In this study, a further implemented deep forest in multi-label classification (MLCDForest) has been proposed for prediction of lncRNA-tissue associations considering label correlations as prior information [25, 26]. In each layer, the estimated class distribution is employed in the training of each forest. Finally, the voting results of multiple weak classifiers are used to determine which class a test sample should belong to. The experimental results show that the proposed method performs better on the dataset than the other machine learning methods.
The rest of this paper is organized as follows. In Section 2, we describe our method, MLCDForest and how it considers label correlations as prior information in detail. In Section 3, we introduce the experiment process and results. Finally, the summaries and conclusions are given.
Methods
In this section, details of the proposed method MLCDForest will be presented. The problem of multi-label classification will be defined first. Then the correlation between labels will be introduced. Lastly, the proposed models will be detailed with implementation to gcForest with label correlation considered.
Multi-label classification
As the basic information of a multi-label classification dataset |$(X,Y)$|, |$n$| is the number of instances, |$X$| stands for the attributes and |$Y$| is the label. Given the label space |$Y=\{{Y}_1,{Y}_2,\cdots, {Y}_m\}$|, an instance of |${x}_i$| with |$k$| lncRNA features is assigned by a subset of y in the label space |$Y$|.

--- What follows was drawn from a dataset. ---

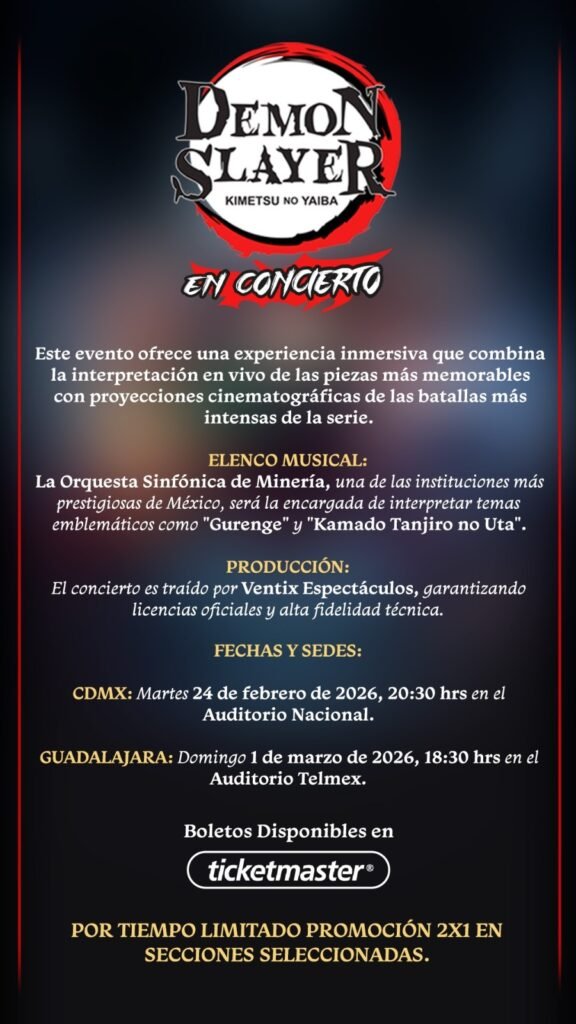 Una extraordinaria serie de conciertos basados en una de las franquicias de anime y manga japonés más populares de todos los tiempos, llegará a México. Este evento está diseñado para sumergir a la audiencia en una celebración musical del cautivador mundo de Demon Slayer: Kimetsu no Yaiba, el cual cuenta con una inmensa una base de fans global y ha arrasado en todo el mundo.
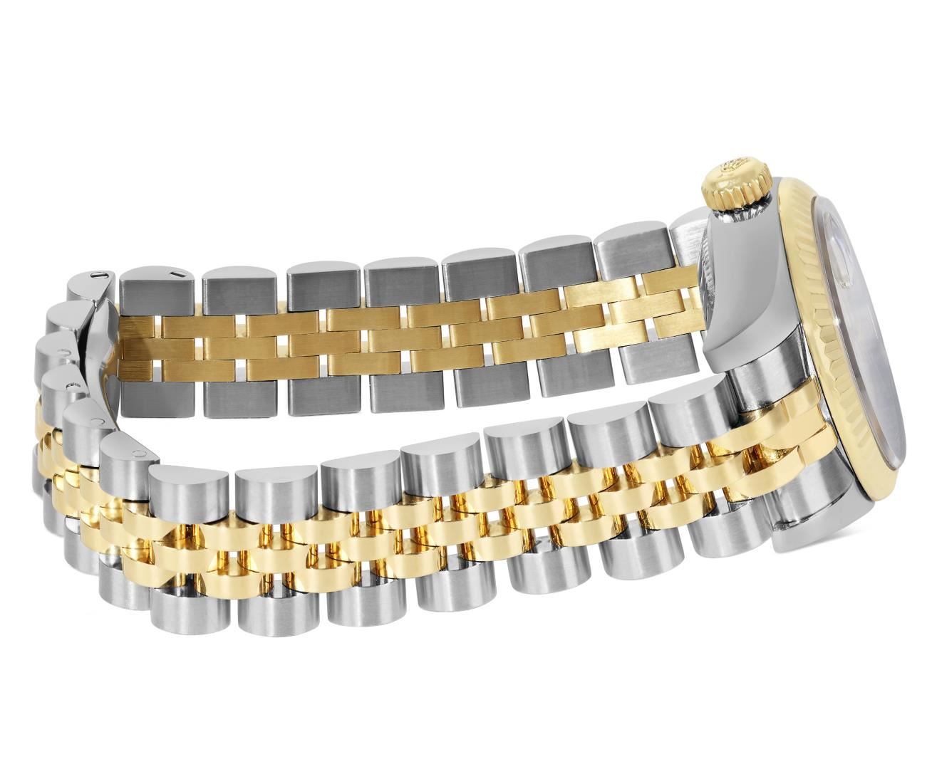 One Rolex Ladies Pre Owned Two Tone 18K Yellow Gold And Stainless Steel Rolex Datejust Polished, Serviced & Electronically Tested, Rolex Yellow Gold And Stainless Steel Case: 26mm, Rolex Yellow Gold Crown. Rolex 18K Yellow Gold Fluted Bezel. Crystal: Sapphire Crystal With Date Window. Hands: Solid Hands. Rolex Movement: 2235 Automatic Winding Movement. Rolex Factory Dial: Factory White Roman Dial. Date Window: 3 O'Clock Position Date Display, Condition: G-6 Extra Fine. Rolex Bracelet: Two Tone 18K Yellow Gold And Stainless Steel Jubilee Band. Bright Polish And Satin Finish. 6.0 Inch Length, Adjustable. Hidden Clasp, With Rolex Logo. This Watch Has Been Serviced Time Tested And Is In Excellent Condition It Is Free Of All Scratches And Dents. This Watch Comes With A Rolex Box.

Label correlations and concurrence
Label correlations
Correlated Cramér’s V statistics is employed in this study to evaluate the association between each of these two labels.
Label concurrence
Framework of the proposed methodology
As an alternative to the deep neural network (DNN), deep forest tries to employ the class distribution features by multi-grained scanning and cascade forest.
Multi-grained scanning
In the first step, multi-grained scanning is based on the window sliding approach, which is to obtain class distribution based on the generated low-dimensional feature vectors [33]. It has been proven to be an effective approach in the recognition of local feature. In the multi-grained scanning, as shown in Figure 1A and B, suppose there are |$n$| instances with 100 raw features from 4 labels in the training data, and each label is binary class (in the multi-level labels, approach from [24]), multi-grained scanning is performed for each label to generate a 50-dimensional feature vector by sliding the window by one feature. Considering the correlation between different labels, multi-grained scanning for the first label is performed based on the input features and other three labels, and 54 feature vectors are produced. Fifty-three feature vectors are generated for each of the rest three labels. The extracted instances will be trained with a completely random tree forest and a random forest to generate a class vector, leading to an 852 (|$(54+53+53+53)\times 2\times 2$|)-dimensional transformed feature vector.

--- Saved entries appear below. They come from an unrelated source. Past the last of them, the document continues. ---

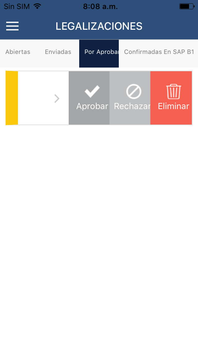 4. Aprueba la legalización: Este paso es solo para perfiles aprobadores. Solo te debes ubicar en la pestaña "Por Aprobar" y se sincronizarán todas las legalizaciones que tienes pendientes por aprobar. Para aprobarlas desliza hacia la izquierda la legalización y seleccionar aprobar. Te recomendamos
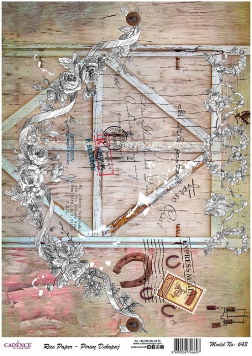 A3-s méretű rizspapír, découpage technikához. Felragasztásához a Découpage Plus ragasztót használd, a kész munkát vízbázisú akril lakkal védd le.
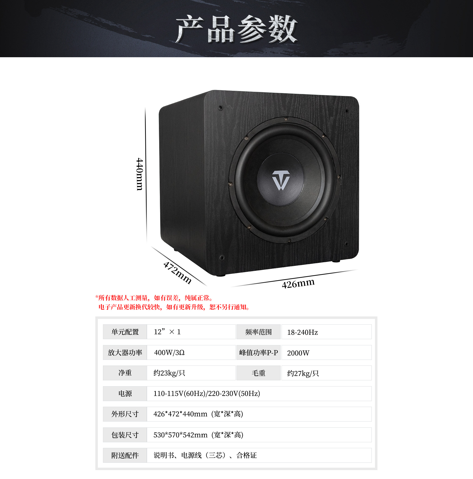 | 頻率范圍:18-240Hz | 放大器功率:400W |
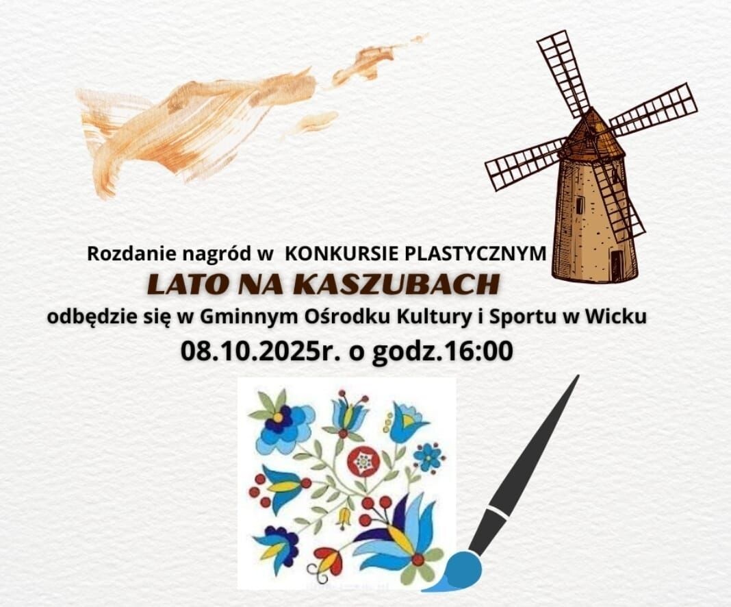 GOKiS Wicko zaprasza wszystkich uczestników konkursu plastycznego "Lato na Kaszubach" na uroczyste rozdanie nagród, które odbędzie się w najbliższą środę, 8 października o godz. 16:00.

(A) Illustration of multi-grained scanning in training. Suppose there are four labels, raw features are 100-dim, and sliding window is 50-dim in the training of the first label. (B) Illustration of multi-grained scanning in predicting. Suppose there are four labels, raw features are 100-dim, and sliding window is 50-dim in the predicting of the first label.

As shown in Figure 1B, in the prediction phase, probability is predicted first with traditional random forest for each label and concatenated to raw features. Probability of each label in the test data is predicted in the sequence of concurrence. Label with low concurrence rate is trained first.
Cascade forest
In the layer-wise cascade forest, the powerful classifier, random forest, is ensembled in each layer. In the classification to each label, the feature importance is considered assuming that the discriminative features should take higher weights. In the most correlated labels, this discriminative feature may also contribute to the classification of other labels. Boost class distribution vectors are generated by two random forests (one for complete random forest, the other for partial random forest) for both multi-grained scanning and cascade forest periods. The performance of each layer is evaluated with k-fold cross-validation [35, 36] to overcome the risk of overfitting. And in the cascade forest, the propagation will be terminated when there is no significant improvement to the performance of the whole cascade on validation set.
Overall procedure of MLCDForest
As the gcForest, there are two main components in the framework of MLCDForest. In the multi-grained scanning part, the corresponding transformed feature representation is classified according to different forests. And in the cascade forest, layer-wise random forest is to get more discriminative representations. The example of MLCDForest is illustrated for the first label in Figure 2. Two window sizes (50, 80) are used in multi-grained scanning for the data with 100 dimensions. |$(54+53+53+53)\times 2\times 2$| and |$(24+23+23+23)\times 2\times 2$| dimensional feature vectors are obtained for the window size of 50 and 80,respectively. Combining these feature vectors to different labels together with the correlation statistics, a 1224-dimensional transformed feature vector is available here if there are only four labels. In the cascade forest, the cascade-wise random forest is learnt with such 1224-dimensional feature vector, and the process will be terminated when the performance of the validation set is not significantly improved.

Overall procedure of MLCDForest. Suppose there are two classes, raw features are 100-dim, and sliding windows are 50-dim and 80-dim.
In any test instance, a 1224-dimensional representation vector, generated with multi-grained scanning, is the input data to the cascade forest to get its final prediction to each label by taking its class according to the maximum aggregated value.
Performance measures
Performance of different methods in multi-label classification is evaluated from the example-based, label-based and ranking-based [31]. In order to evaluate the generalization ability of MLCDForest, we utilized cross-validation in this study.
Example-based performance evaluation
Label-based performance evaluation
Ranking-based performance evaluation
Experiments and results
To evaluate the effectiveness of our proposed method, MLCDForest was compared with other multi-label classification methods: Deep Back-Propagation Neural Network (DBPNN) [38,39], RAkEL [22], MLkNN, BR and BPMLL [20] over this lncRNA dataset [40].
Datasets and hyperparameters
Data to associations between specific disease and lncRNAs [40] was employed in the construction of the proposed method. In the data downloaded from http://biomecis.uta.edu/∼ashis/res/csps2014/suppl/, 7566 lncRNA transcripts with 22 tissue labels were selected from the Human Body Map Project [41] with annotation and expression information of these 21,626 distinct lncRNAs. Eighty-nine composition-based features and 21 secondary structure-based features were identified with tissue-specificity threshold and as the input feature for different tissue classification. The detail information can be checked in [40].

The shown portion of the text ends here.